(Exercise description): Please return the listing below exactly, without any of its pictures.

(Material provided):
■ ■ ■
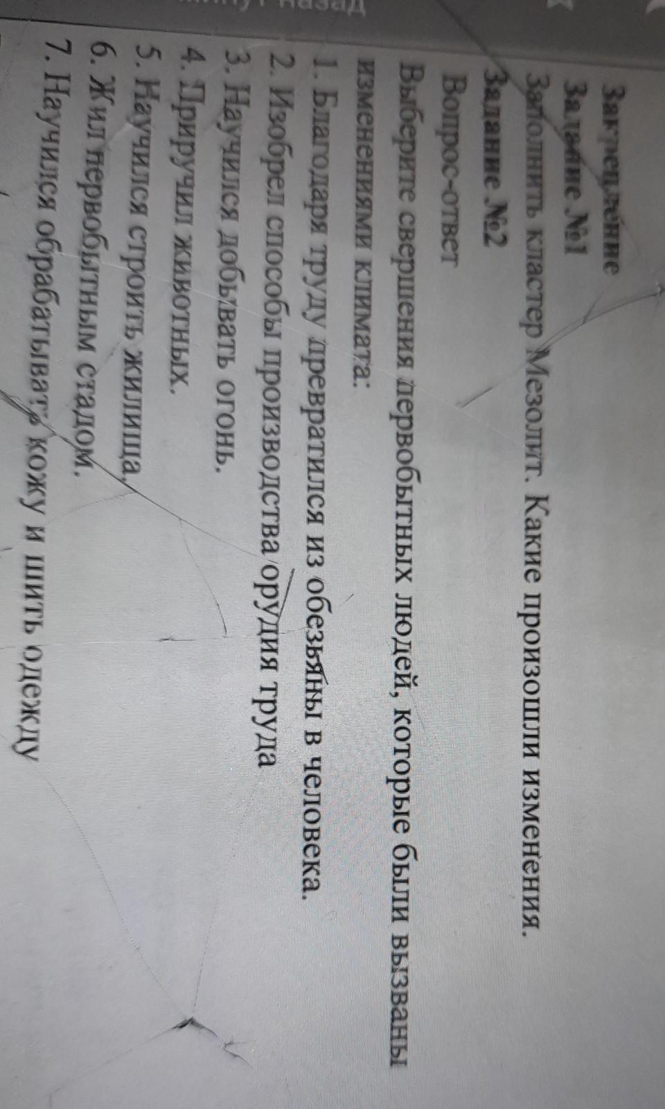 Закрепление Задание № 1 Заболнить кластер Мезолит. Какие произошли изменения Задание №2 Вопрос-ответ Выберите свершения первобытных людей, которые были вызваны изменениями климата: 1. Благодаря труду превратился из обезьяны в человека. 2. Изобрел способы производства орудия труда 3. Научился добывать огонь. 4. Приручил животных. 5. Научился строить жилища, 6. Жил первобытным стадом. 7. Научился обрабатывата кожу и шить одежду
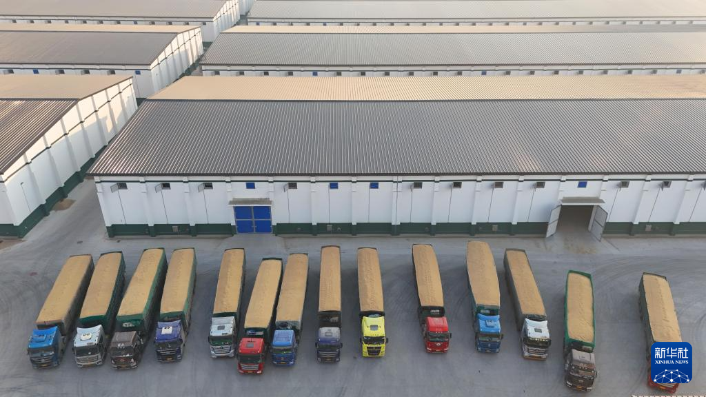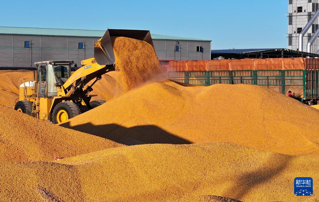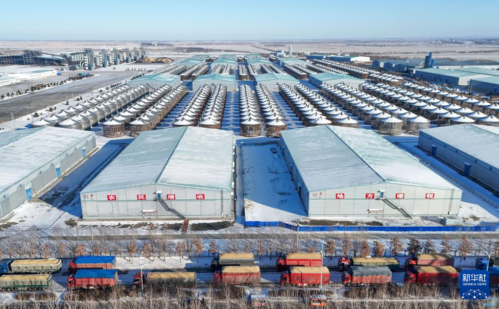 这是11月12日拍摄的黑龙江汤原鹤立国家粮食储备库有限责任公司内粮食收储的场景(无人机照片)。
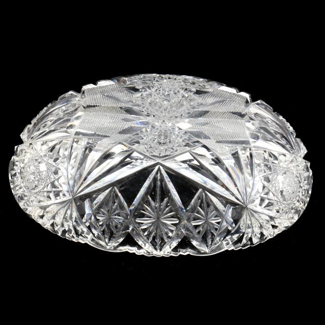 19th century, thick wheel cut and polished glass oval form with scalloped rim, hobstar and fan motif, signed to interior center.
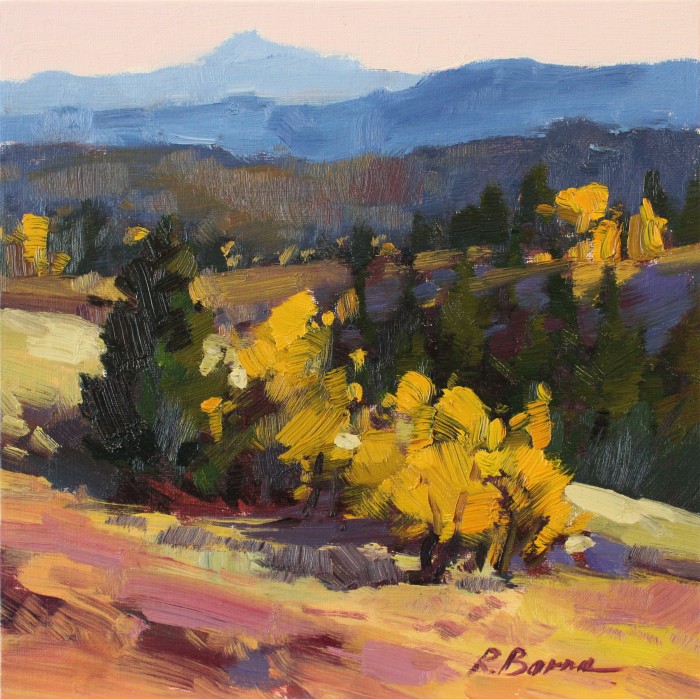Un peisaj impresionist cu tușe expresive de galben solar care creeaza un contrast vibrant cu tonurile reci, albastru-violet, ale munților. Lucrarea transmite o stare de liniște și dor, captând lumina caldă a unei după-amiezi de munte într-o manieră plină de textură și profunzime. Cromatica echilibrată aduce o notă de prospețime și calm, invitând privitorul la o meditație vizuală asupra vastității naturii. Datorită formatului de 25 x 25 cm, se potrivește ideal într-un birou, un colț de lectură sau ca parte a unei galerii de perete într-un living primitor. Carton panzat neinramat prevazut cu agatatoare
■ ■ ■
(Output for this exercise):
 Закрепление Задание № 1 Заболнить кластер Мезолит. Какие произошли изменения Задание №2 Вопрос-ответ Выберите свершения первобытных людей, которые были вызваны изменениями климата: 1. Благодаря труду превратился из обезьяны в человека. 2. Изобрел способы производства орудия труда 3. Научился добывать огонь. 4. Приручил животных. 5. Научился строить жилища, 6. Жил первобытным стадом. 7. Научился обрабатывата кожу и шить одежду
 这是11月12日拍摄的黑龙江汤原鹤立国家粮食储备库有限责任公司内粮食收储的场景(无人机照片)。
 19th century, thick wheel cut and polished glass oval form with scalloped rim, hobstar and fan motif, signed to interior center.
Un peisaj impresionist cu tușe expresive de galben solar care creeaza un contrast vibrant cu tonurile reci, albastru-violet, ale munților. Lucrarea transmite o stare de liniște și dor, captând lumina caldă a unei după-amiezi de munte într-o manieră plină de textură și profunzime. Cromatica echilibrată aduce o notă de prospețime și calm, invitând privitorul la o meditație vizuală asupra vastității naturii. Datorită formatului de 25 x 25 cm, se potrivește ideal într-un birou, un colț de lectură sau ca parte a unei galerii de perete într-un living primitor. Carton panzat neinramat prevazut cu agatatoare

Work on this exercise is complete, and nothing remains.